NTIRE 2021 Challenge for Defocus Deblurring Using Dual-pixel Images: Methods and Results
Abdullah Abuolaim, Radu Timofte, Michael S. Brown, Dafeng Zhang, Xiaobing Wang, Syed Waqas Zamir, Aditya Arora, Salman Khan, Munawar Hayat, Fahad Shahbaz Khan, Ling Shao, Shuai Liu, Lei Lei, Chaoyu Feng, Zhiwei Xiong, Zeyu Xiao, Ruikang Xu, Yunan Zhu, Dong Liu, Tu Vo, Si Miao, Nisarg A. Shah, Pengwei Liang, Zhiwei Zhong, Xingyu Hu, Yiqun Chen, Chenghua Li, Xiaoying Bai, Chi Zhang, Yiheng Yao, Ruipeng Gang, Sabari Nathan, Thangavelu Ragavendran, Venkatakrishnan Srinija, V. Srivatsav
Abstract
This paper provides a review of the NTIRE 2021 challenge targeting defocus deblurring using dual-pixel (DP) data.

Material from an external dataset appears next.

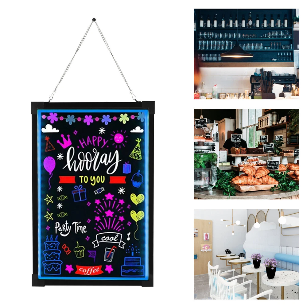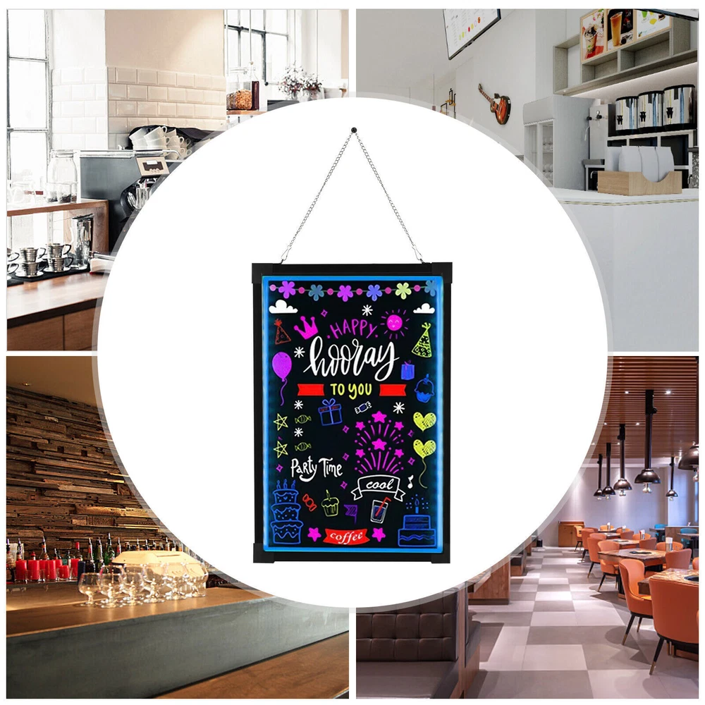 Illuminated LED Message Writing Board Specification Material: Tempered Glass, Aluminum Alloy, PP Color: Black Light Source: LED(5050) Plug: US Standard Power: 0.36W Voltage: AC110-240V DC12V 1A Power Supply: Plug-in/8*AA Batteries(Not Included) Light Colors: Red, Green, Purple, Yellow, Pink, Blue, White Fluorescent Colors: Red, Green, Purple, Yellow, Pink, Blue, White, Orange Number of Light Effects: 18 Length of Power Cord: 2m/6.56ft Working Temperature: -40~60℃/-40-140℉ Product Size: 50*70cm/20*28in 40*60cm/16*24in 60*80cm/24*32in Package Included 1x Led Writing Board 8x Fluorescent Pens 1x Remote Control 1x USB Controller 1x Cloth 1x Clear Chain 1x Power Cord with Plug 1x English User Manual LED Light Up Writing Board Flashing Illuminated Message Menu Sign Board 3-Size Description Description This LED message writing board with 7 color variations and 18 combinations of light effects can attract customers' attention with its eye-catching highlighter and brilliant light effects to bring excellent promotional effects. Such an innovative and unique promotion assistant is a must-have for milk tea stores, bars, and restaurants. Specification Material: Tempered Glass, Aluminum Alloy, PP Color: Black Light Source: LED(5050) Plug: US Standard Power: 0.36W Voltage: AC110-240V DC12V 1A Power Supply: Plug-in/8*AA Batteries(Not Included) Light Colors: Red, Green, Purple, Yellow, Pink, Blue, White Fluorescent Colors: Red, Green, Purple, Yellow, Pink, Blue, White, Orange Number of Light Effects: 18 Length of Power Cord: 2m/6.56ft Working Temperature: -40~60℃/-40-140℉ Type Middle Size Small size Large Size Size 50*70cm/20*28in 40*60cm/16*24in 60*80cm/24*32in Package Size 77.8*59*5.5cm/30.62*23.22*2.16in 66*48.5*5.5cm/25.98*19.09*2.16in 86.5*59*5.5cm/34.05*23.22*2.16in Gross Weight 4kg/7.71lbs 3kg/6.61lbs 5.5kg/12.12lbs Net Weight 3.5kg/7.71lbs 2.5kg/5.51lbs 5kg/11.02lbs Package Included 1x Led Writing Board 8x Fluorescent Pens 1x Remote Control 1x USB Controller 1x Cloth 1x Clear Chain 1x Power Cord with Plug 1x English User Manual Key Features High-quality Materials : This LED message writing board is made of a white translucent tempered glass panel, aluminum alloy frame, and PP back panel. These high hardness and impact-resistant materials make the product sturdy and durable. Convenient and Harmless : The included highlighter will be wiped clean easily without dirt and dust keeping you away from the harmful chalk dust of traditional chalk, which is more healthy and convenient. Impressive and Attractive : The product features 7 colors of light and 18 combinations to bring you a dynamic, colorful and attention-catching display to attract more customers' attention for you. The black PP back panel contrasts with the colorful highlighter and light effect, presenting a visual feast. Energy-saving and Environmental Friendly : The product's power of only 0.36 watts makes it more energy-saving and environmentally friendly as it does not consume too much power even for long-time use. The long-life, recyclable LED light source is more eco-friendly. DIY Fun : Equipped with eight colors of highlighters and an easy-to-wipe glass panel, the message writing board is also an ideal tool for drawing and doodling. Travel with your child to the ideal kingdom of imagination and color! Large Area : The enlarged LED message writing board (3 sizes) provides you with enough space to write slogans, prices, products, and other content to attract customers. And the larger layout with gorgeous lighting is more eye-catching. Simple Operation : The product is equipped with a remote control that allows you to adjust the light color and combination of light effects with just one click, which is very convenient and flexible. Dual Power Supply : The product can be powered by both a power cord and battery to suit different scenes indoors and outdoors. Multi-functional : This LED message writing board is a good substitute for conventional blackboard, teaching board, party decoration, electronic message board, light-up whiteboard, wedding decoration board, digital signage, etc. Protective Packaging : The product is carefully packed in cardboard boxes to avoid damage during transportation. The protective packaging allows the product to reach you intact. Customer Service : We aim to provide quality products and services. If you have any problems, please feel free to contact us. We will reply and solve the problem for you as soon as possible. Details Hooks : Both sides of the product are equipped with hooks to allow you to hang it horizontally and vertically to present different effects. Anti-collision Corners : The four corners of the product are equipped with anti-collision protectors to effectively prevent collisions. Transparent Chain : Transparent chain with hooks allows you to hang the writing board easily. Controller : Connect the controller to the LED board, and adjust the light by pressing the button above. When using the remote control, you can adjust the light and switch by pointing at the controller. Application This product is used for decoration, billboards, blackboards, etc. at home, in shops, bars, restaurants, etc. How to Use the Fluorescent Pen 1. Cover the pen with the cap and shake it up and down several times to make the ink flow more smoothly. 2. Press the pen tip up and down against the contact surface. 3. The pen is ready to write when the ink comes out. 4. Please remember to cover the pen after use to prevent staining elsewhere. Notes Wiping with a towel dipped in water is not recommended. Please use the included cleaning cloth. Please read the user manual carefully before use. Please note that the batteries are not included because of aviation safety policy, you need to prepare eight AA batteries. Please allow the slight color difference caused by the shooting light and 1-3cm error due to manual measurement. Please make sure you do not mind before you order. Welcome to the yiyiukmall ! We are committed to

The goal of this single-track challenge was to reduce spatially varying defocus blur present in images captured with a shallow depth of field. The images used in this challenge were obtained using a DP sensor that provided a pair of DP views per captured image. Submitted solutions were evaluated using conventional signal processing metrics, namely peak signal-to-noise ratio (PSNR) and structural similarity index measure (SSIM). Out of 185 registered participants, nine teams provided methods and competed in the final stage. The paper describes the methods proposed by the participating teams and their results. The winning teams represent the state-of-the-art in terms of defocus de-blurring using DP images.